А как приветлива хозяйка, как радушны соседи, как вкусно пахнет из кухни пирогами…
С разгона продолжая по инерции непрекращающееся движение — сперва на фронте, потом в эшелоне, потом по здешним степям, — я влип во все это ангельское благополучие. Такой домашний человек, каким я, несмотря на все свое солдафонство — было, было, — оставался на самом деле, был обречен: я просто не мог не клюнуть на столь заманчивую, хрестоматийную идиллию, по ней так истосковалось все мое существо…
Кроме того, на фоне окрестных дам Евдокия Петровна несомненно выделялась своей «городской» внешностью, особенно мне привычной, и была как раз той первой в округе женщиной, завладеть сердцем которой всегда представлялось мне задачей привлекательной. К тому же она была свободна.
Я стал посещать заветный домик все чаще. Евдокия Петровна для вида поломалась немного — ровно столько, сколько было принято в ее родных краях, она была из Вятки как будто, — поиграла в неприступность, потом, в какой-то особенно интимный вечер, подняла белый флаг, погасив на время свет.

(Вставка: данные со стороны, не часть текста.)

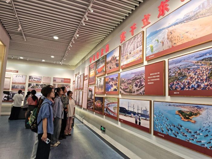7月5日,實踐隊首站來到谷文昌紀念館。館內通過實物陳列、圖文展板、場景復原等方式,生動展現了谷文昌同志帶領東山縣群眾戰勝風沙、根治旱澇,讓荒島變綠洲的感人事跡。跟隨講解員的細致講解,隊員們深入了解了谷文昌“上戰禿頭山,下戰飛沙灘”的奮斗歷程,以及他“不治服風沙,就讓風沙把我埋掉”的堅定誓言。

И опять же: на фоне белой комнаты и белый флаг произвел особенно сильное впечатление, несмотря на то что в делах любовных Евдокия Петровна оказалась значительно более опытной, чем я, фронтовик-недоучка. Сперва это шокировало меня немного, потом стало весьма и весьма привлекать.
Мы не давали друг другу никаких обязательств, не говорили особенно подробно о будущем, тем более что до моей демобилизации было еще далеко, еще вопрос об этом не стоял, да и ей предстояло отслужить здесь довольно длительное время. Но весь фон, на котором развивались наши отношения, в том числе позиция соседей, прекрасно знавших, что я чуть ли не каждый вечер остаюсь ночевать, и любезно раскланивавшихся со мной по утрам, когда я умывался на кухне, придавали нашей связи оттенок добропорядочности и даже законности, пожалуй.

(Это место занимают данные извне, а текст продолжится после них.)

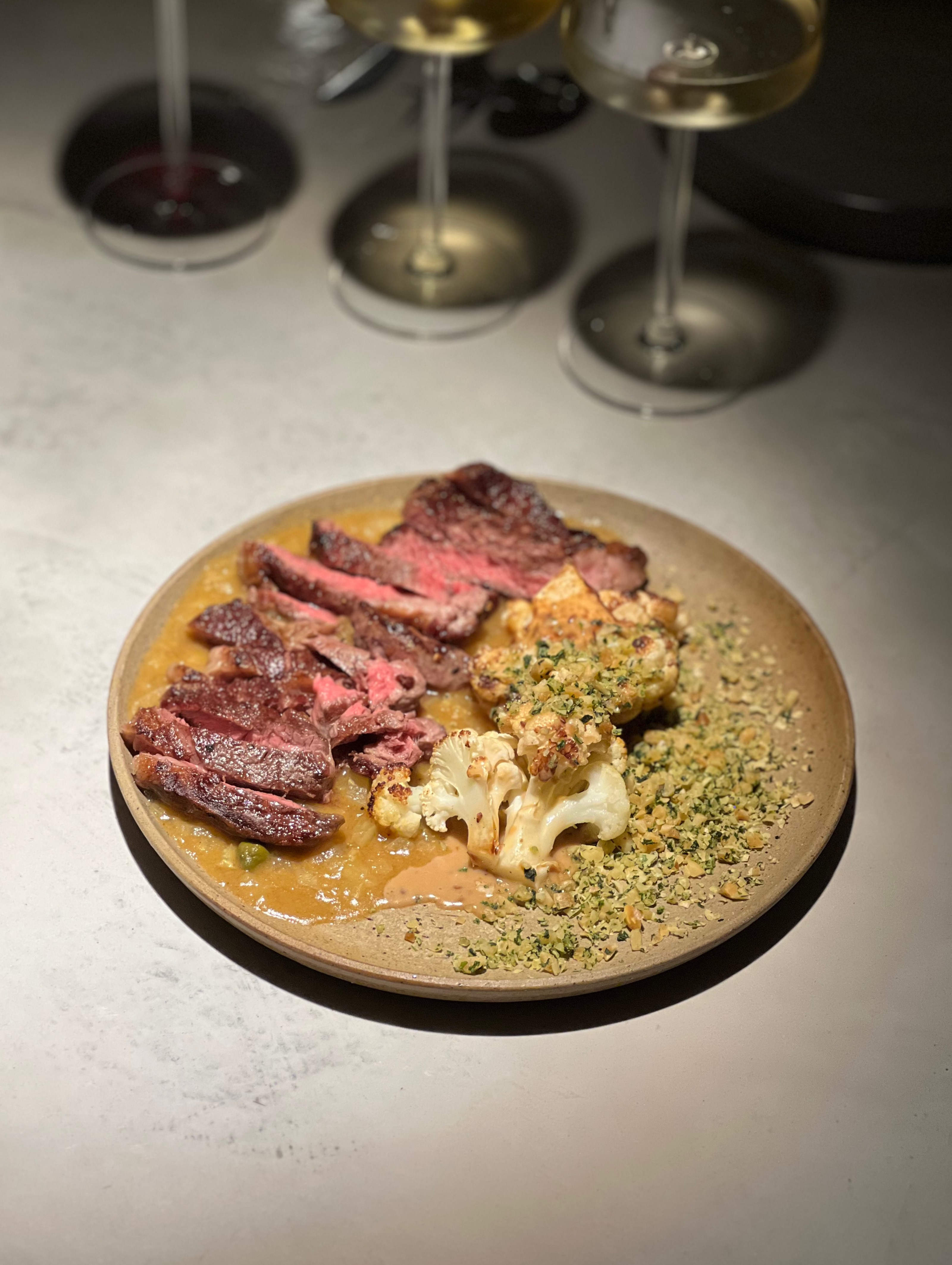 «“El ojo de bife argentino se puede comer solo y será muy sabroso. Pero cuando se busca una experiencia más intensa, con sabores más ricos, hay que experimentar. Esa fue la inspiración de este plato que está en carta todo el año. Acompañamos la carne con coliflor en salsa gamadari y maní…»

Что так, то так, отрицать не стану.
Только свидания наши длились не так уж и долго. Вскоре после окончания военных действий наша часть зажила будничной повседневной жизнью.
Понимая, что теперь осталось уже недолго, я тихо тащил лямку. Проводил занятия с солдатами. Дежурил по батальону, когда подходил черед. Единственная была отрада: дежурный имел право объезжать разбросанные по поселку подразделения верхом, и я этим правом неукоснительно пользовался; новехонькая шинель голубоватого сукна с блестящими, а не полевыми пуговицами, положенная дежурному шашка, тщательно вычищенная, кокетливая лошадка — и Дарасун лежал у моих ног.
Вечера проводил с друзьями. С одним из них, Павлушей — у него всегда оказывалось на одну звездочку больше, чем у меня, как это выходило, мы сами понять не могли, — повадился ходить в гости к местной учительнице пения, девице строгой, сильно на выданье, принадлежавшей к влиятельной в поселке семье торговых работников. Дом Глафиры, вернее, дом ее матери, очень похожей на кого-то из героинь Мамина-Сибиряка, был, что называется, полная чаша — даже слегка переполненная, пожалуй. Одноэтажный домик был набит так, что больше туда, казалось, влезть уже ничего не могло, а цветовая гамма была очень широкой, причем белый цвет исключался полностью.